**Data records**.

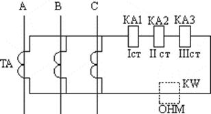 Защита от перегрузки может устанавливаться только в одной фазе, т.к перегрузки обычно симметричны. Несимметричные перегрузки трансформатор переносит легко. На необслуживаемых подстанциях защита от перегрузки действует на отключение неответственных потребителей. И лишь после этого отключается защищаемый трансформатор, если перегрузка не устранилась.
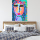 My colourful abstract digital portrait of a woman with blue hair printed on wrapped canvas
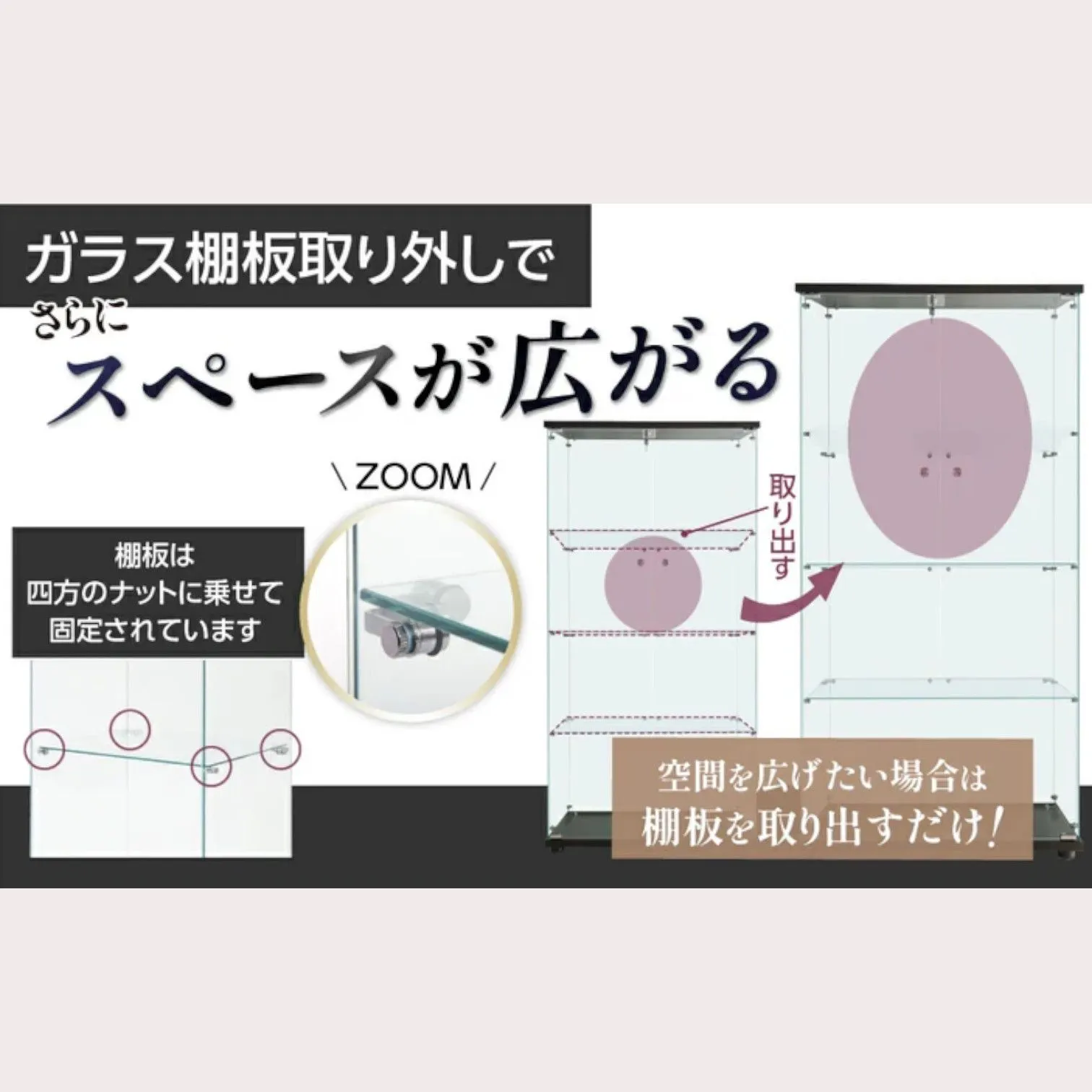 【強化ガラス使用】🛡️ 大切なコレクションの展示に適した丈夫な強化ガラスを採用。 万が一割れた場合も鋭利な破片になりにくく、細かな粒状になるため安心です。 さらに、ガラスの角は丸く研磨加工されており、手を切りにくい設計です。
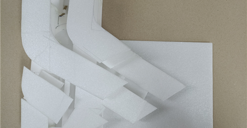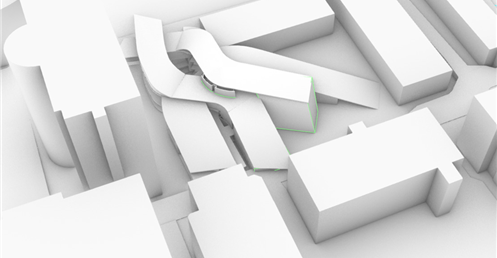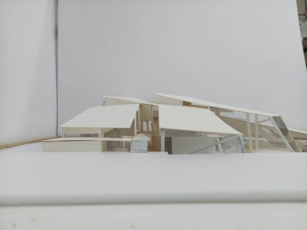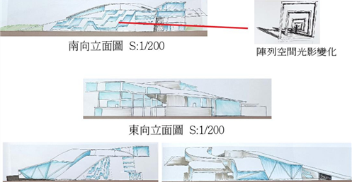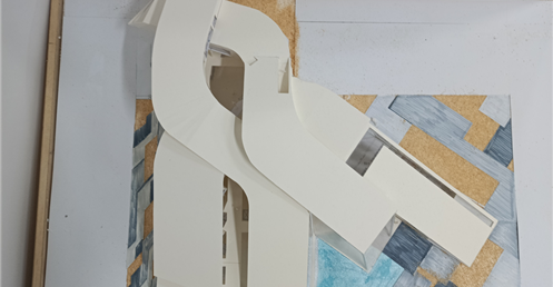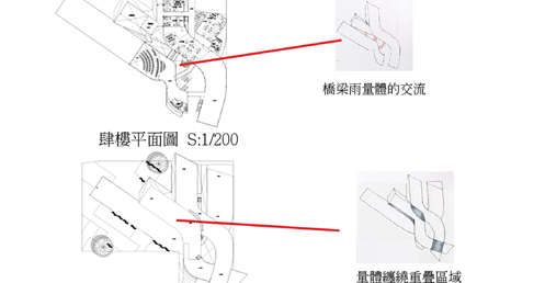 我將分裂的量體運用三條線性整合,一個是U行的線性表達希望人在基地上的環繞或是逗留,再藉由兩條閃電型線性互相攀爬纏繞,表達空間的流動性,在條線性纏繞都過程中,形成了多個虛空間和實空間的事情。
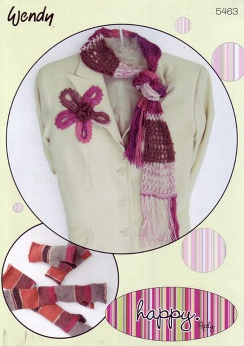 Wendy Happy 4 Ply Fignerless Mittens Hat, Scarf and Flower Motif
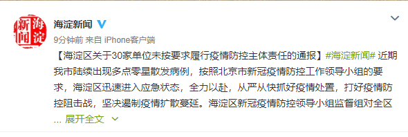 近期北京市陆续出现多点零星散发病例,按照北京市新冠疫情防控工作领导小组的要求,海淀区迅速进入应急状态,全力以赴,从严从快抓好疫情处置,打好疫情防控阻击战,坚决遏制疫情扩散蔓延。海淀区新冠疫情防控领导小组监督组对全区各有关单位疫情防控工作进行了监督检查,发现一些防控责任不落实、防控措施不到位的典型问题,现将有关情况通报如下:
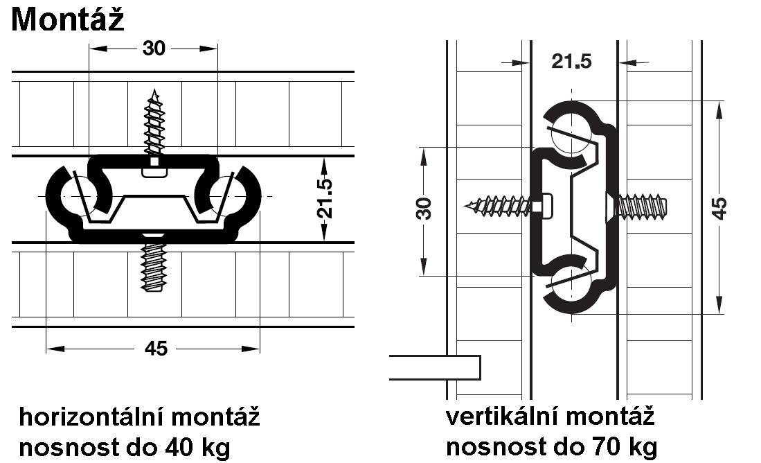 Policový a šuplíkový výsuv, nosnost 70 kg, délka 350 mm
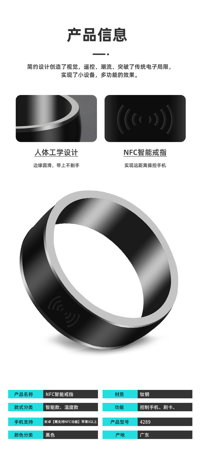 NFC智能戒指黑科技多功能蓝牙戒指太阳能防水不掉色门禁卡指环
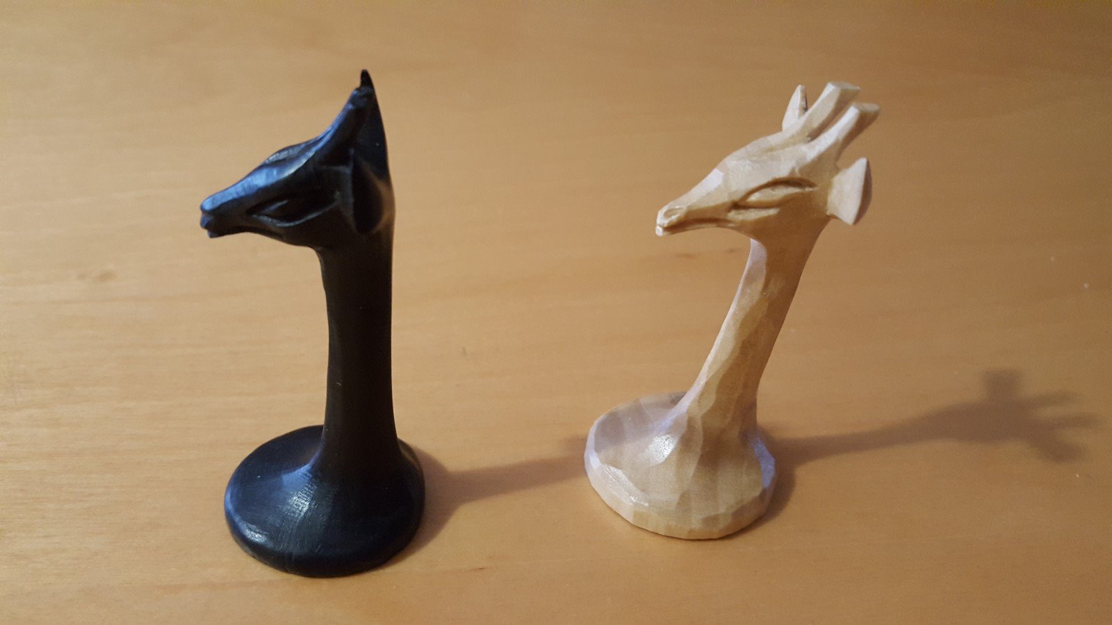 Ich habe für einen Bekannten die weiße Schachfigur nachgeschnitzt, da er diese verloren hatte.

**Description of the task**. Nothing but the lines from the one containing "近期北京市陆续出现多点零星散" through the end of the entries should be written out, exactly and without pictures.

**Written reply**.
 近期北京市陆续出现多点零星散发病例,按照北京市新冠疫情防控工作领导小组的要求,海淀区迅速进入应急状态,全力以赴,从严从快抓好疫情处置,打好疫情防控阻击战,坚决遏制疫情扩散蔓延。海淀区新冠疫情防控领导小组监督组对全区各有关单位疫情防控工作进行了监督检查,发现一些防控责任不落实、防控措施不到位的典型问题,现将有关情况通报如下:
 Policový a šuplíkový výsuv, nosnost 70 kg, délka 350 mm
 NFC智能戒指黑科技多功能蓝牙戒指太阳能防水不掉色门禁卡指环
 Ich habe für einen Bekannten die weiße Schachfigur nachgeschnitzt, da er diese verloren hatte.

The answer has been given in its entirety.